When you run Puppet now for the first time, it will start inspecting the security and directly fix it. This is probably not what you want right now. For now, to see what it will change, we will use the --noop switch for Puppet.
puppet apply /etc/puppetlabs/code/environments/production/manifests/site.pp --noopYou'll see a large list of things that Puppet would change. The generated notices look like this:
Notice: /Stage[main]/Ora_secured::Db19c::V1_1_0::P3_1::Db01 Ora_secured::Controls::Failed_login_attempts_is_less_than_or_equal_to_5[DB01]......

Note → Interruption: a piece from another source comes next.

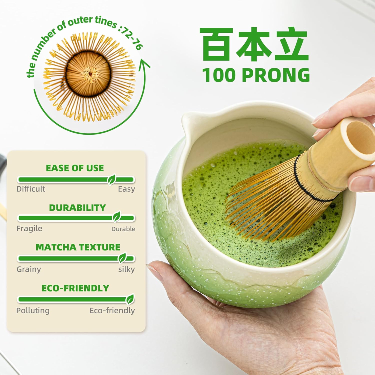 - HIGH SAFETY & QUALITY: Our Handcraft Matcha Whisk, About 100 Prongs(百本立),100% Crafted From High Quality Bamboo With A Vegetable Oil Finish To Enhance Its Durability. Additionally, Our Ceramic Bowl Has Lead-free And Mercury-free Test Reports.food-grade And Eco-friendly

The part after Ora_secured::Db19c::V1_1_0:: is the CIS paragraf (e.g. rule) that this change belongs to. It is very likely that your application deosn work anymore if you apply ALL rules. You have to start inspecting and evaluating the changes.
In the edit_in_workshop.yaml file at the bottom you see a commented out list of all the rules and the text skip. If your hiera data contains this key, the test will be skipped. SO uncomment a few rules and run puppet with noop again. You'll see that the number of changes will shrink.
No when we run Puppet, the warning will no longer be issues.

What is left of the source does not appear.